Task brief:
Return exactly, please, the line that contains "Christo Stoiczkow udzielił" and every line after it through the end of the material that follows, leaving pictures aside.

Data shown:
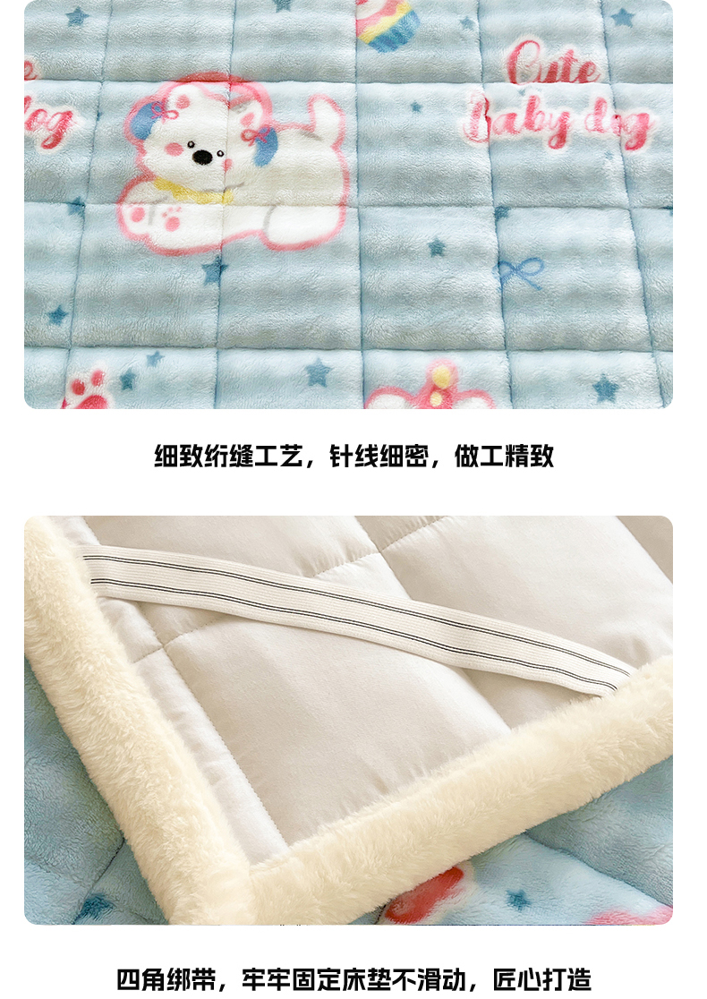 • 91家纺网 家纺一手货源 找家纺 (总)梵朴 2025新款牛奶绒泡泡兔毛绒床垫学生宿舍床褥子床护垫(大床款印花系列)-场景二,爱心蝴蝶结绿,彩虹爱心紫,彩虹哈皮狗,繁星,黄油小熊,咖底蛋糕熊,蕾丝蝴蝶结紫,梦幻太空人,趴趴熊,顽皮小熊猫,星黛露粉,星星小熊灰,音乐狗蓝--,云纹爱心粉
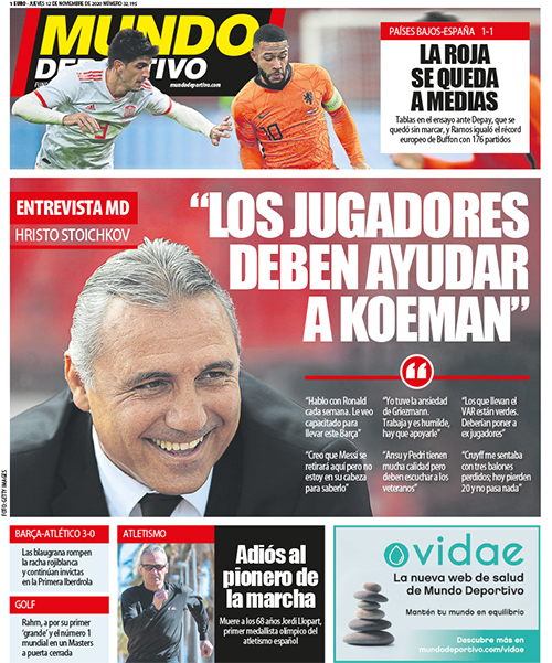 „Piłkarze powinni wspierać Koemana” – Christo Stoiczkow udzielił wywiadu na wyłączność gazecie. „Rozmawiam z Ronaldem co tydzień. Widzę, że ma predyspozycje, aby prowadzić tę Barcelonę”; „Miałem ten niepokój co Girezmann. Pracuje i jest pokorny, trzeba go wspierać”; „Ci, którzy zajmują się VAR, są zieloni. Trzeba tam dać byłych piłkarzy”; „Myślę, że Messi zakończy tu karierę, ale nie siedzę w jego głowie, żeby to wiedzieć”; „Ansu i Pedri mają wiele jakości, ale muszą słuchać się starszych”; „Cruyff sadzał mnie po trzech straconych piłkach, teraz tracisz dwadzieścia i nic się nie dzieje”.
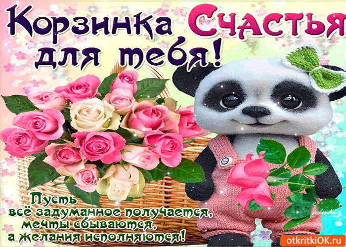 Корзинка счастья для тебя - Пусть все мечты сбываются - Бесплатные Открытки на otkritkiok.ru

Exercise output:
 „Piłkarze powinni wspierać Koemana” – Christo Stoiczkow udzielił wywiadu na wyłączność gazecie. „Rozmawiam z Ronaldem co tydzień. Widzę, że ma predyspozycje, aby prowadzić tę Barcelonę”; „Miałem ten niepokój co Girezmann. Pracuje i jest pokorny, trzeba go wspierać”; „Ci, którzy zajmują się VAR, są zieloni. Trzeba tam dać byłych piłkarzy”; „Myślę, że Messi zakończy tu karierę, ale nie siedzę w jego głowie, żeby to wiedzieć”; „Ansu i Pedri mają wiele jakości, ale muszą słuchać się starszych”; „Cruyff sadzał mnie po trzech straconych piłkach, teraz tracisz dwadzieścia i nic się nie dzieje”.
 Корзинка счастья для тебя - Пусть все мечты сбываются - Бесплатные Открытки на otkritkiok.ru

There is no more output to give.